Floss picks, or regular floss? Is one better than the other? While it’s better to use a floss pick than to not floss at all, floss picks can only clean a part of the tooth’s surface, and that may not bode well for your dental hygiene. Here in San Antonio, William J. Stewart Jr. DDS recommends traditional floss or dental tape over picks. Here’s why:
A floss pick holds just a small length of floss stretched in a straight line. But teeth have a rounded shape, with occasional irregularities. A straight length of floss just doesn’t conform to those contours as well as traditional floss used properly.
By wrapping traditional dental floss or tape completely around the circumference of a tooth, you can more effectively clean around and just below the gumline. And your fingers are much more agile than a piece of plastic.
We have seen patients who are committed to their dental hygiene, and used floss picks daily. Yet they developed decay due to a hairline crack the floss pick consistently missed.
Here is a review on proper flossing:
- Cut a segment of floss about 18 inches long and securely wind each end around your middle fingers.
- Take hold of the floss with your forefinger and thumb, leaving about two inches to work with.
- Thread the floss between two teeth.
- Hold the floss securely against the side of the tooth and move it up and away from the gumline. You want to clean the space between the tooth and gum without pulling more gum tissue away, so it’s critical to scrape up and out of the pocket.

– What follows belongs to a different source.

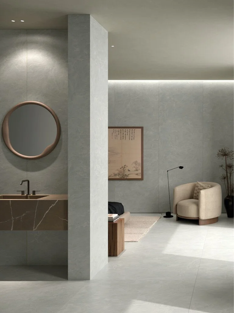 Ankara, is a 5x10, 12mm porcelain slab with a slate finish. It features a deeper, darker tone compared to Alaska, offering a rich, modern interpretation of natural stone textures.

- Move the floss around the tooth to clean every surface – especially those that your brush can’t reach. You can use a “shoeshine” method if you like. As you use a section of floss, unwind from one hand to access a clean piece. With 18 inches, you should have enough to provide a clean length for each tooth. If you run out, that’s okay. Just toss the used piece and cut a new segment.
- Some people find it smoother to commence on one end of the upper teeth and clean each gap one by one until they reach the end on the opposite side, and then repeat for the lower arch. Whatever method you elect, make sure you clean around every tooth, including the back surfaces of the rear molars.
If you have never flossed before, your gums might bleed the first few times. The bleeding may be due to gum inflammation, the beginnings of gum disease. Keep flossing gently and the bleeding usually stops within a week or two.